What Happened To Our Savings?
Every year prices of everything increases. Things such as food, power and fuel seem to keep rising with no end in sight. Our wages seem to stay the same and we feel like we are going backwards.
Welcome to the world of fiat currency. Fiat currency is money that can be printed at will by central banks and it does not have to be backed by anything such as gold. As more money flows into circulation the purchasing power of the currency lessens as the supply of that currency increases. This is called inflation, and it acts like a hidden tax that reduces our purchasing power.
Under a fiat currency system those who keep cash or put it in a bank account are actually losing money as the purchasing power decreases. Even if you get bank interest the rate that you get may be less than the inflation rate, and in some countries that have negative interests rates you lose money by having it in a bank account. In most developed countries and bank interest earned is also taxable income which means that it will be taxed at the individuals tax rate.
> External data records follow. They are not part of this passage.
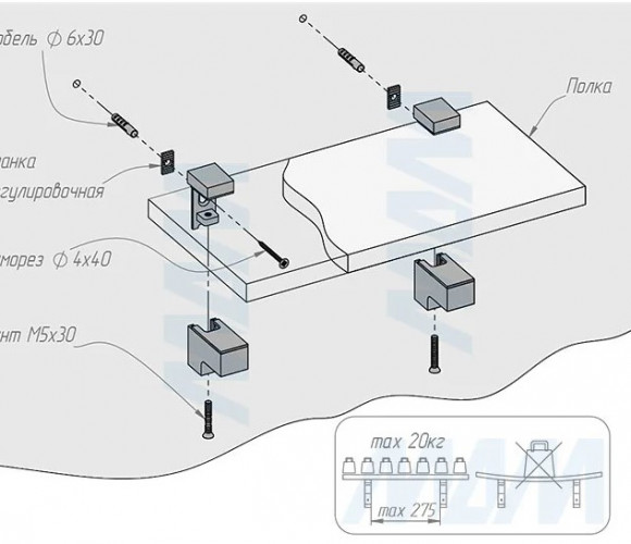 Комплектация: менсолодержатель — 1 шт., саморез 4×40 мм — 1 шт., дюбель 6×30 мм — 1 шт., планка регулировочная — 1 шт.
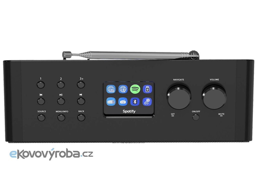 - Frekvenční rozsah ladění DAB+: 174,928–239,200 MHz (III. pásmo)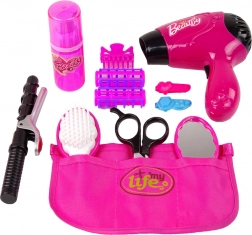 Il set è composto da elementi adatti alle piccole manine dei bambini. Include un phon e un arricciacapelli giocattolo, forbicine di plastica dall’aspetto realistico, un pettine rosa e uno specchietto, oltre a una scatola da parrucchiera in cui riporre e trasportare gli accessori. Il set comprende anche due fermagli decorativi per impreziosire l’acconciatura creata. Tutti i pezzi sono realizzati con cura dei dettagli, così la tua piccola parrucchiera potrà dedicarsi pienamente alla sua passione.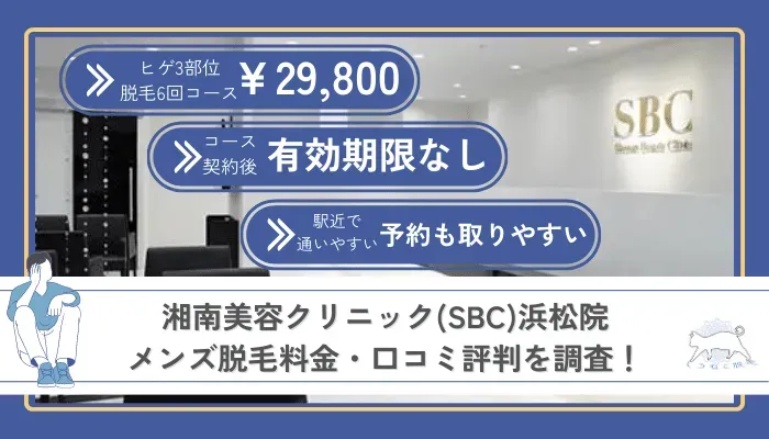 当記事では、JR浜松駅から徒歩1分で通える湘南美容クリニック(SBC)浜松院のメンズ脱毛に関する情報を徹底的にリサーチしたため、最後まで読めば以下の情報を全て知ることができる。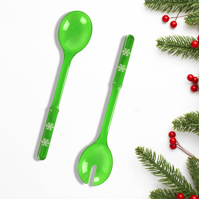 Pinzas/cucharas color verde con diseño navideño para ensalada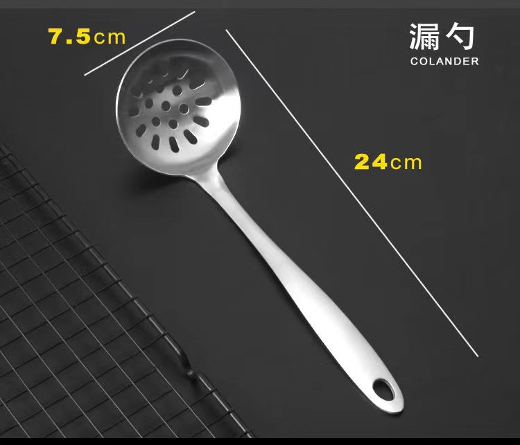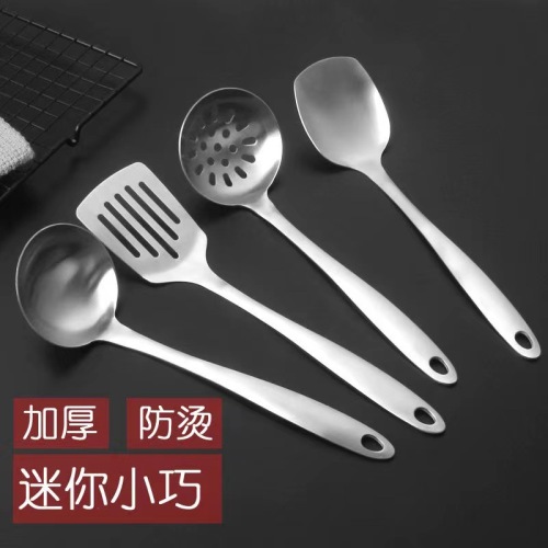 [short handle] 201 stainless steel short handle kitchenware thickened pot spatula soup spoon and strainer porridge spoon set kitchen supplies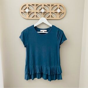 LOFT Ruffle Hem Tee Shirt Blue Sz Small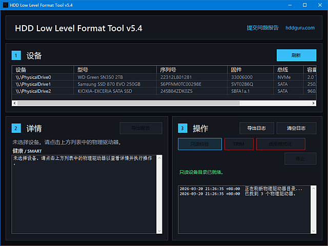 HDD Low Level Format Tool 是专业硬盘低级格式化工具,可对硬盘进行扇区级彻底擦除与初始化,解决无法格式化、坏道、分区损坏、病毒残留等问题。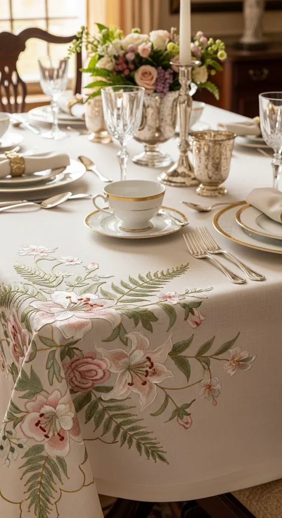 Metallic accents can make floral embroidery feel much more refined without turning the whole piece flashy. A tablecloth corner, runner border, or placemat set stitched with flowers in ordinary floss can be lifted beautifully by a touch of gold or champagne thread on stamens, outlines, or tiny leaf veins. This works best when the metallic thread stays minimal. A little shine goes a long way. If you are keeping the project budget-friendly, buy only one spool of metallic thread and mix it with thread shades you already have. This kind of embroidery is especially pretty for dining decor because candlelight or daylight catches the metallic details softly. Start with one corner motif before deciding whether the whole table linen needs repeating flowers. That way you do not overcommit. Soft florals with gilded centers can make even a plain runner feel festive and special. This is a very good pattern direction for holiday hosting, handmade dinner gifts, or a linen upgrade that feels graceful rather than busy. The floral base stays classic, and the metallic thread adds quiet richness.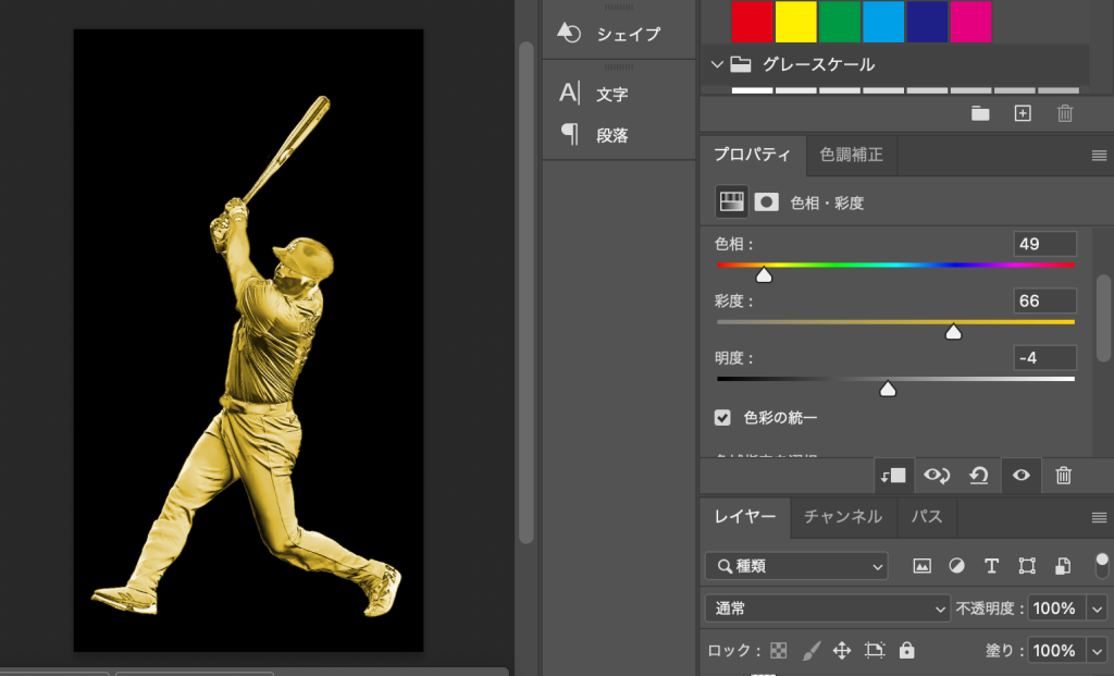 PS 金メッキ風の加工 Photoshop 2025.05.282025.06.01 目次 チュートリアル成果物 作業のながれ作成を終えた感想 チュートリアル https://youtube.com/shorts/m4q2NAd8U0E?si=SL77BnWUBuW-A8r9 成果物 作業のながれ 背景を削除 色相サイドでモノクロ レイヤーを複製して色調反転(cmd+i) 描画モードを差の絶対値 レイヤーを結合 色相・彩度で色相の統一にチェックをいれ色味を入れる より金属感を高めたい場合は色をつける前に同じ作業を繰り返す 繰り返しすぎるとディティールが失われる 作成を終えた感想 結構面白い。cmd + iで階調の反転 描画モードで差の絶対値は初めて使った

When you combine the rate of inflation and your tax rate together the bank interest will be a loss when you factor in that you have lost purchasing power as well.
Because most people keep their money in a bank they are going backwards financially. This is not sustainable and not the best use of your money.
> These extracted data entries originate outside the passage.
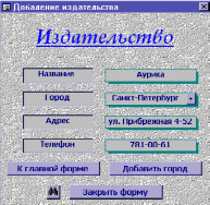 Открытие формы "Добавление автора" в режиме ввода данных.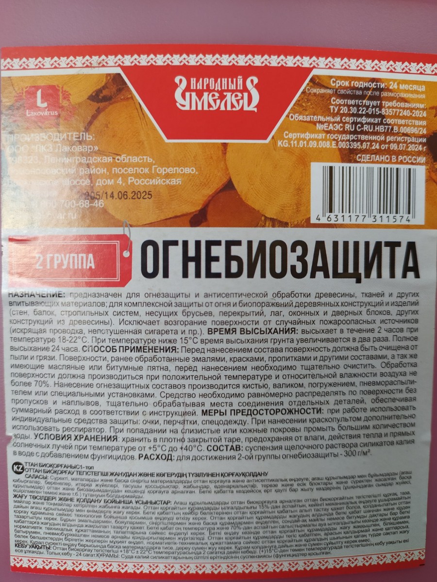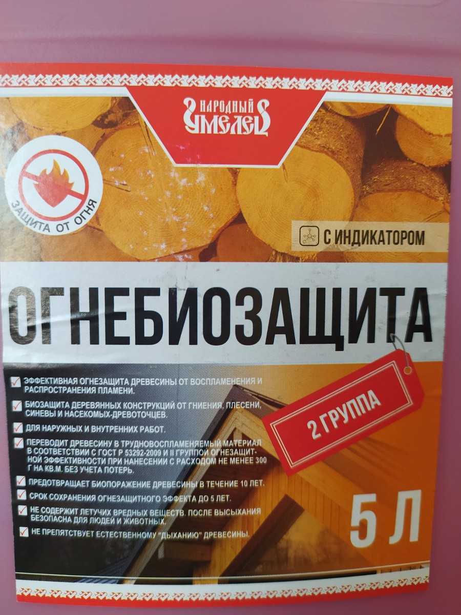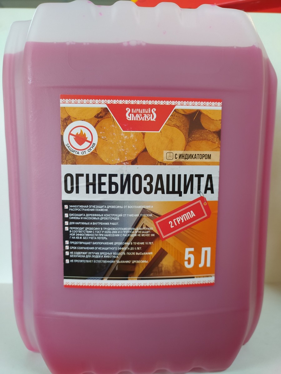 Состав пропиточный Огнебиозащита марки Народный умелец, предназначен для огнезащиты и антисептической обработки древесины, тканей и других впитывающих материалов. Для комплексной защиты от огня и биопоражения деревянных конструкций и изделий ( стен, балок, стропильных систем, несущих брусьев, перекрытий, лаг, оконных и дверных блоков, других конструкций из дерева ). Исключает возгорание поверхности от случайных пожароопасных источников  ( искрящая проводка, непотушенная сигарета и пр. ).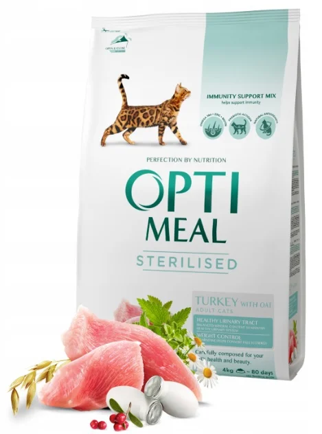 Hindistancevizi və yulaf ezmesi ilə sterilizasiya edilmiş pişiklər üçün optimal quru yem (4 kq torba)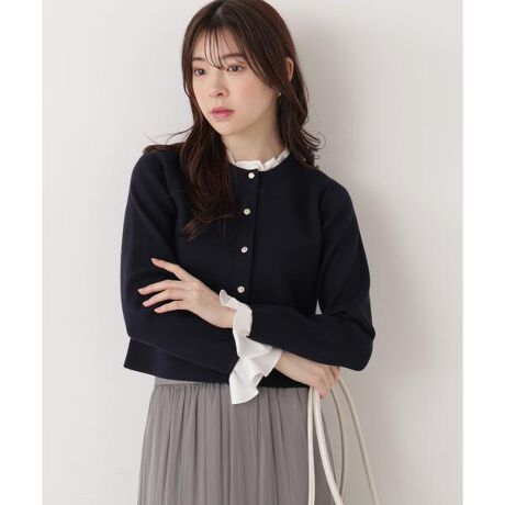トレンド感のある異素材ドッキングを取り入れたカーディガン。襟ぐりと袖口にシャツ生地をドッキングし、一枚でコーディネートが完成します。さらっとした肌触りのニットで、春先まで活躍。スカートもパンツも合う短丈シルエットで、スタイルアップが叶います。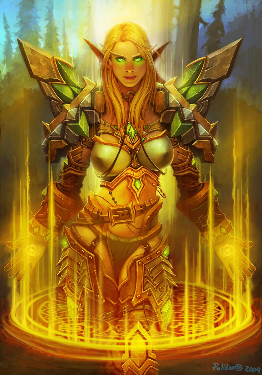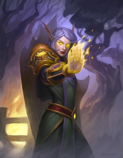 Not all wielders of the Light follow the same path. For example, humans and dwarves follow the path and faith of the Church of the Holy Light, while the tauren Sunwalkers revere the sun god An'she, whose power can appear either as red flames or as golden magic similar to other divine magic.[18] Among the blood elves, the Blood Knights embraced the renewed Sunwell, and through it they ask for the Light's blessing to wield their holy powers.[19] It is a harmonious relationship, no longer one of discord caused by the blood elves' attempts to bend the Light to their will by draining the energy of the naaru M'uru, which will likely have a positive effect on blood elf society in the long run.[20] In the Zandalari Empire, the Zandalari prelates once received their holy powers from the Loa of Kings Rezan, but since his death, it is their faith in his ideals that give them their powers, in order to stand as a beacon of light against the darkness.[21]

If you are wondering how this happened and why such a bad system exists then keep reading. In 1971 US President Richard Nixon took America fully off the gold standard. This meant that the value of the money did not need to be backed by anything. Why did Richard Nixon take the US of the Bretton-Woods (partially gold backed) standard? During world war II many European countries sent their gold to the US for safe keeping as they were afraid Adolf Hitler and the Nazis was going to take the gold after invading their countries. After the war, and as the European economies began to recover the French leader Charles De Gaul addressed the nation of France declared that he would get their gold back.
A deal was made beforehand where the US would keep the gold and issue US dollars and that the US dollars would be used as the reserve currency of the world. This is what was known as the Bretton-Woods agreement. After France took its gold back, other countries were wanting to do the same.
The stockpile of gold the US had was depleting and if it got to the point where there was no more gold left and someone else wanted to claim in their bills for gold the whole financial system would have collapsed.
Richard Nixon making the US dollar a fiat currency sent a chain reaction throughout the world because the US dollars printed under the Bretton-Woods system was the reserve currency for a few countries. Each of those countries had to make their currencies fiat as well.
Because of the changes in the US monetary system enacted after 1913 when US President Wilson implemented the Federal Reserve Act the US dollar has lost over 90% of its value.
Unfortunately for most people they try to scrimp and save without realising that it is harming them financially. The rich are buying capital assets as they appreciate faster than inflation so they are able to stay ahead. The more capital assets that they acquire the richer they get.
The history of fiat currencies is not a good one. There have been hundreds of fiat currencies in the past and each of them had been printed so much they devalued the currency until it was worthless. Anyone who held the fiat currency lost out as their purchasing power went to zero. Usually when high levels of inflation occur people flock back to gold and silver as it has historically been the best form of money.
If you are keeping your savings in cash I suggest that you speak to a financial planner to put that money to better use. Ultimately an investor should aim for cash flow as their primary goal.
We are on a doomed monetary system, and when it collapses it will be a world wide event and there will need to be a serious think as to what system should replace it. If you are prepared for this event then it will affect you less, but when multiple currencies fail in quick succession (which they most likely will) then it will be a bumpy ride for everyone. I suggest having some capital assets to protect your livelihood.
*this is not to be taken as actual financial advice because everyone is in a different position financially. This post is purely for educational purposes.